Boyun epidermoid kistlerinin ayırıcı tanısında tiroglossal kist, dermoid kist, inklüzyon kistleri, brankiyal kistler, submandibuler ve sublingual bez enfeksiyonları, pleomorfik adenom, kistik higroma, lenfoepitelyal kist, lipom, nörofibrom, hemanjiom ve lenfanjiom düşünülmelidir2,3. Epidermoid kistin dermoid kist ile ayrımı önemlidir. Dermoid kistler, en sık görülen teratomatöz kistlerden olup iki germ hücre tabakasından yapılar içerirler. Kıl folikülleri ve sebase glandlar gibi cilt ekleri dermoid kistte bulunup, epidermoid kistde bulunmamaktadır3.
Boyun kitlelerinin değerlendirilmesinde, USG, bilgisayarlı tomografi (BT) ve MRG tanıya yardımcı görüntüleme yöntemleridir. Ultrasonografi hızlı, ucuz ve ağrısız bir yöntem olduğundan sıklıkla ilk tercih edilendir. USG ile kitlenin kistik, solid veya vasküler ayırımı yapılabilirken, sınırları ve çevre dokular ile ilişkisi de değerlendirilebilir10,14. BT ve MRG lezyonun kesin lokalizasyonu, çevre dokular ile ilişkisi ortaya koyabilir ve büyük kistlerde kitlenin çıkarılması açısından yol gösterici olabilirler11. Olgumuzda boyun USG'de, sol submental-submandibular bölge bileşkesinde cilt altında 28x17 mm boyutta doppler ile belirgin vasküler akımın izlenmediği heterojen yoğun içerikli, düzgün sınırlı lezyon tespit edildi. MRG'de ise boyun orta hat sol taraf submandibular bölgede cilt altı yumuşak doku içerisinde, periferinde T2A da izointens solid komponenti olan hiperintens, T1A da hipointens, intravenöz kontrast madde sonrası solid komponentinde minimal kontrastlanan difüzyonda kısıtlanan ince cidarlı kistik lezyon saptandı.

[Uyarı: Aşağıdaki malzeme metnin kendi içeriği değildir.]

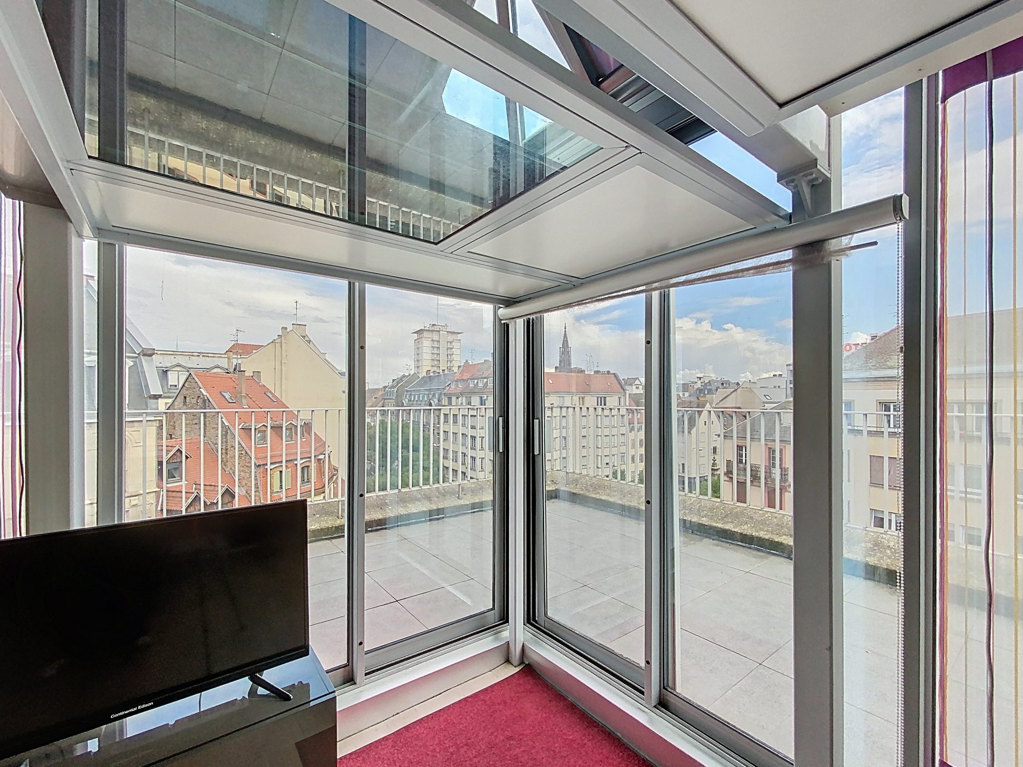 Au dernier étage d'un immeuble situé Petite Rue du Vieux Marché aux Vins, ce bien unique réunit deux appartements dans un même lot. De larges verrières, une lumière traversante et des vues imprenables sur la Cathédrale et les toits de Strasbourg font de cet ensemble un lieu de vie hors du commun.

Sitolojide çok sayıda nukleussuz, keratinize skuamoz hücrelerin görülmesi epidermal kist tanısı için önemli ipucudur15.Olgumuzda görüntüleme yöntemlerinden sonra yapılan İİAB'de, malignite yönünden negatif, keratinöz kist içeriği ile uyumlu olarak raporlandı.
Epidermoid kistlerin malign transformasyonları oldukça nadir olmakla birlikte literatürde sunulmuş vaka raporları bulunmaktadır4,7,13,16. Bu kistlerin kesin tanısı histopatolojik inceleme ile konmaktadır14.

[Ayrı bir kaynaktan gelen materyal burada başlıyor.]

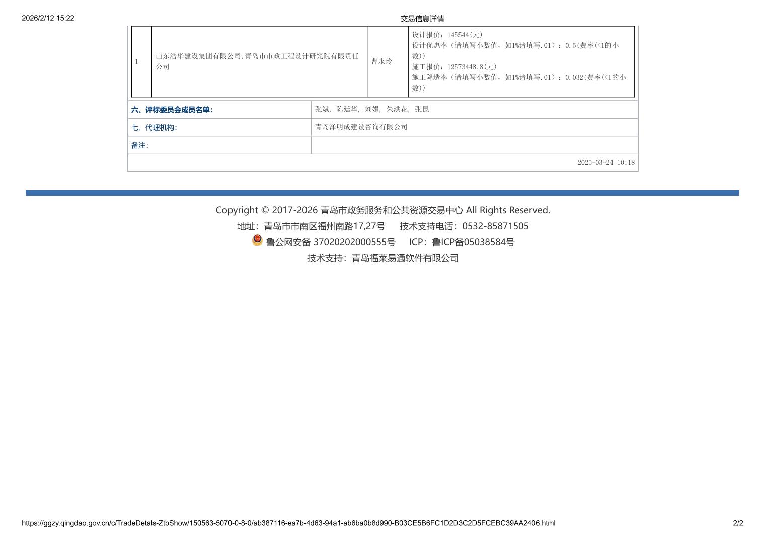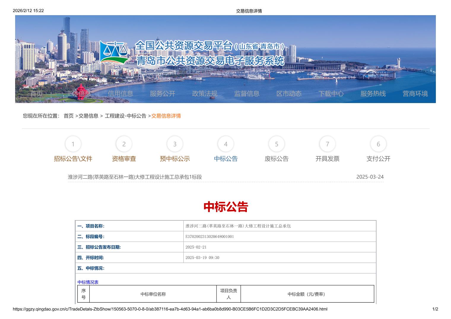 山东/青岛 中标结果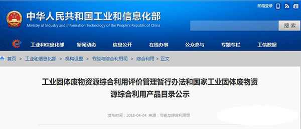 近日,工信部节能与综合利用司对外发布了《工业固体废物资源综合利用评价管理暂行办法(征求意见稿)》(简称《办法》)和《国家工业固体废物资源综合利用产品目录(征求意见稿)》(简称《目录》)。《办法》指出,开展工业固体废物资源综合利用评价的企业,可依据评价结果按有关规定申请暂予免征环境保护税及相关产业扶持等优惠政策。

Boyun epidermoid kistlerin tedavisi lezyonun cerrahi olarak çıkarılmasıdır. Cerrahi yaklaşıma kistin lokalizasyonuna ve büyüklüğüne göre karar verilmelidir11. Boyun epidermoid kistleri eksternal insizyonla çıkarılabileceği gibi büyük kistler hem intaroral hem de eksternal yaklaşımla eksize edilebilirler. Çıkarılamayacak kadar büyük olan kistlerde kist içeriği boşaltılıp hacmi küçültülerek daha kolay disseke edilebilir4. Çok büyük kistlerde marsupiyalizasyon diğer bir tedavi seçeneği olabilir17.Bu kistlerin prognozu oldukça iyidir. Eğer total olarak çıkartılırlarsa nüks ve maligniteye dönüşüm olasılığı oldukça düşüktür17,11.
Sonuç olarak, epidermoid kistler sıklıkla konjenital bir kitle olup baş boyun bölgesinde nadir görülmekle birlikte, ileri yaşlarda da görülebileceği ve boyun kitlelerinin ayırıcı tanısında akılda tutulmalıdır. Boyun kitlelerinden ayırımında operasyon öncesi yapılan görüntüleme yöntemleri yardımcı olsa da kesin tanı histopatolojik olarak konur. Tedavisinde cerrahi olarak doğru yaklaşım ve uygun teknik ile çıkartılırlarsa rekürrens olasılığı söz konusu değildir.